Bryan Bergin: I wanted to start off with the demand question here. So just any comments, any measurable change in client demand that you’ve witnessed over the last three months? Obviously booking strength seems to imply a healthy continuation, but we know you’ve got a lot of moving pieces here as you’re scaling a lot of the new offerings. So I’m just really curious if you’ve seen any change to what clients are demanding in the current environment and nearly any change by client size that’s worth calling out?

Patrick Goepel: We do not see any demand changes. I mean, I think if you think about early in the quarter the July 4th week is always a vacation week, et cetera. But bookings have been solid, demand’s been — interest, level’s been really high, leads have been flowing, we feel really good about our solution set.

Bryan Bergin: My follow up then to margin expansion. So can you talk about how you’re feeling about a sustainable gross margin here? Just understanding you’ve had some higher margin revenue contributors, like the non-recurring, I believe, here that support the second quarter strength. Can you kind of give us puts and takes in that second half margin outlook? And do we need to be mindful of potential grow over pressures as you get into next year as things like ERTC sunsets?

John Pence: Let me go off the first one, Bryan, and then I’ll let kind of Pat get his perspective on that. I mean, I think in general what you can tell is that the cost of goods sold line is generally becoming relatively fixed. I mean there’s a little bit of variable component to it, like in the first quarter there’s more shipping. But I would say in general it’s fixed to going down just based on, again, the standardization and some arbitrage in terms of offshoring some of those positions. So I think that’s the way to think about it. And from my perspective is there’s relatively kind of high fixed cost to doing business, but once we add that incremental revenues, that’s where you see the margin. So that’s the way I would think about it in the back half of the year. So however, we are guiding revenues, think about cost of goods sold being relatively consistent, the way I think about — and then you can talk about the kind of year over year kind of going forward issues.

Pat Goepel: Bryan, I think we’ve done an excellent job with the cost structure.
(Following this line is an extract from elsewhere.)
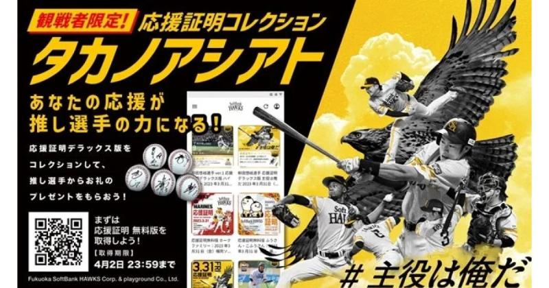 公式サービスサイト:https://takano-ashiato-ouen-shomei-collection.softbankhawks.co.jp/pages/タカノアシアト-開幕戦3-31
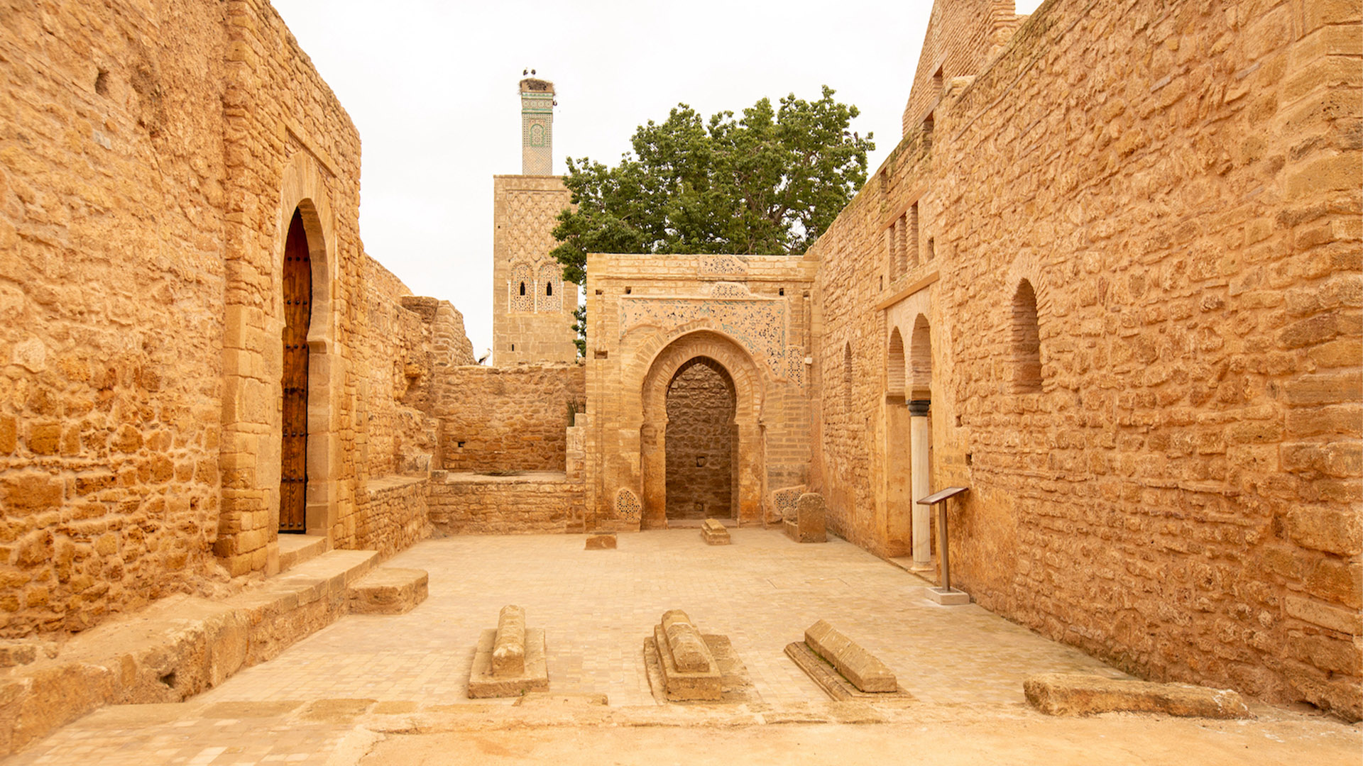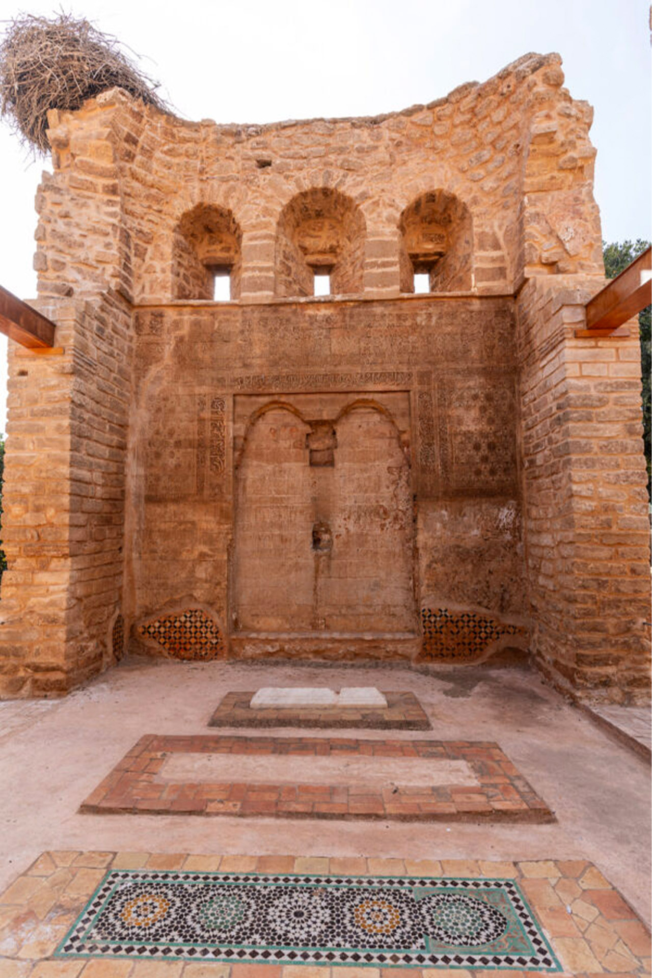 La nécropole mérinide, complexe constitué d’un oratoire, de coupoles funéraires et d’une medersa, occupe la partie basse du site. Connue par la Khalwa, littéralement lieu de retraite, cette nécropole est enveloppée par une enceinte rectangulaire longue de 54m et large de 35m et percée de deux portes. La porte principale, en arc brisé outrepassé dont les lignes sont d’une élégance remarquable, s’ouvre sur une cour à ciel ouvert. La mosquée se déploie sous la forme d’un rectangle de proportions modestes mais harmonieuses. Le mur oriental se démarque par son mihrab. Le minaret, une tour carrée haute de 8.25m, s’y élève à l’angle sud-est.

John’s really done a nice job of budgeting that. And then our team has automated solutions in such a way where we can achieve those results where COGS is roughly flat. As we look and turn into page and ‘24, we’ll probably share ‘24 guidance next quarter. But just on a whole the ERTC program we put it in the 1 time item and we’ve done that all year. There’s no question that ERTC as a program ends first quarter of 2025. So there will be some headwinds in the 2024. But if you think about kind of what we’ve done as a business, we’ve got several early day products that we’re working through that we’re pretty proud of. The Secure Act 2.0 with 401(k) will a great extension and we’re launching that as we speak.

So we think that’ll be a good tailwind. HR compliance will be a good tailwind for us. The marketplace will be a tailwind. Our tax filing business in general will be a tailwind. And what I’m proud about the sales organization is they’ve achieved some outstanding productivity. And what we’ve kind of locked into here is if you think about small businesses in this environment, access to capital is probably their number one concern and then expertise on the changing compliance, whether it’s HR, payroll or tax filing is number two. So to have a partner to be able to solve their problems is really, really important. And that’s really what we set out to do and we’ve automated the back end in such a way for that to be efficient. So there’s no question, there might be some 1 time tailwind — headwinds going into ‘24, but we have our share of tailwinds going into it, and more to come next quarter when we announce ‘24 guidance.